Monday, 19 November 2012

baidyanath dham temple

There are few temples which are as passionately revered by devotees as is Baba Dham of Deoghar. Baba Dham means place of Baba Shankar (Shiva) and Deoghar means abode of gods. The temple is so important because Vaidyanath Jyotirlinga temple, popularly known as Baba Dham and Baidyanath Dham is one of the twelve sacred Jyotirlingas. Every year in the Shravan month, devotees (called kavarias) throng to this temple from all over the region to offer water (jal) to the sacred Shivalingam.

I visited Baba Dham at Deoghar for the first time this year. We were visiting Baba Dham before Shravan month and hence the crowd was slightly less. We reached the town of Jasidih by train, which is on the Howrah–Patna–Delhi line. Deoghar is about 6 Kms from this place. We took an auto-rickshaw to reach there. After much search, we were able to find a hotel with a vacancy. Even though it was not the Shravan month, hotels were all booked due to some Satsang. We went to the temple in the morning, on foot. And it was an experience to remember.
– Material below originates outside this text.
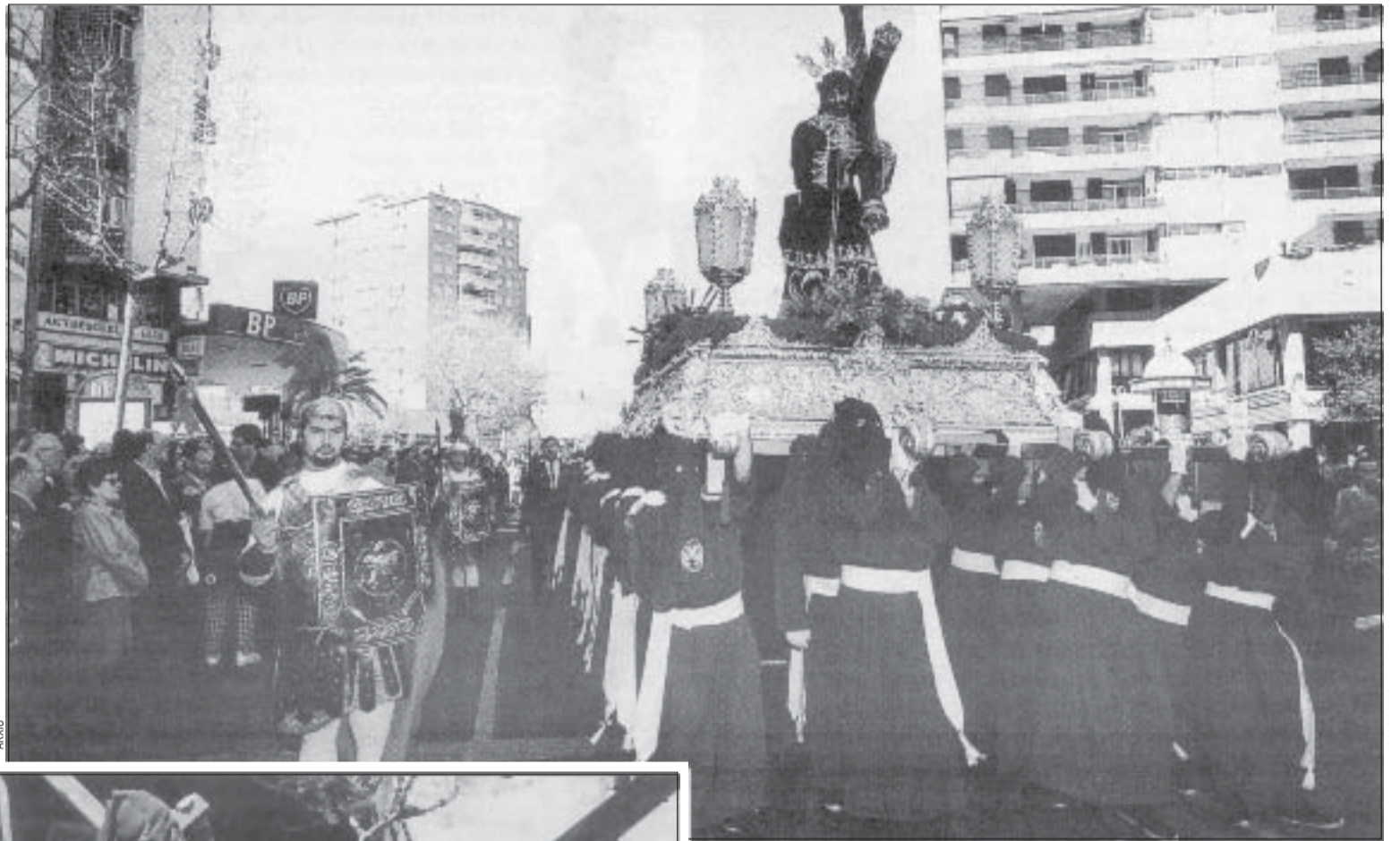
Dos momentos de la procesión de Viernes Santo

Los pasos van acompañados de centuriones, madrinas, penitentes y hermanos mayores, además de la banda de cornetas y tambores. Año tras año, las procesiones de L'Hospitalet cuentan con más

The temple town of Deoghar is a small one with clean air and a pleasant environment. It has the beauty of a small town and also the facilities of every need. In the middle of the town, all lanes converge to reach the temple of Baba Bholenath (one name of Lord Shiva). In the main temple, the sacred Shivalingam is situated. To read about the legends behind this Shivalingam and the temple, you can see the Wiki article on Vaidyanath Temple. The origin belongs to Treta Yuga. The temple is thronging with devotees most of the time and it is very difficult to do darshan or to worship the Lord. There we found many Pandas who were sitting round the temples, with their names and mobile numbers written on the walls. Father tells that each family has a particular Panda ji assigned to it. We got to know that one Shree Dhwajadhari Panda has been the one for our family. Later on we got to know that he was no more and another of his children was carrying out his work. These Pandas also visit our families in our villages and maintain a good relationship. This is the tradition for generations. Then one boy was assigned to us as a guide. There are so many temples for almost each and every god including Ganga ji (the river goddess). The main temple where sacred Shivalingam was situated was too crowded for us. I thought it was a miracle that we came out without being hurt or falling down. And as if to confirm the miracle, I had by chance kept a mobile phone in my pocket, which remained intact. While going through the melee, I doubted if I would wish to come back again. In the centre of the temple, the sacred Shivalingam was there, to which we offered water and prayers. Later on, we visited many of the other temples inside the premises.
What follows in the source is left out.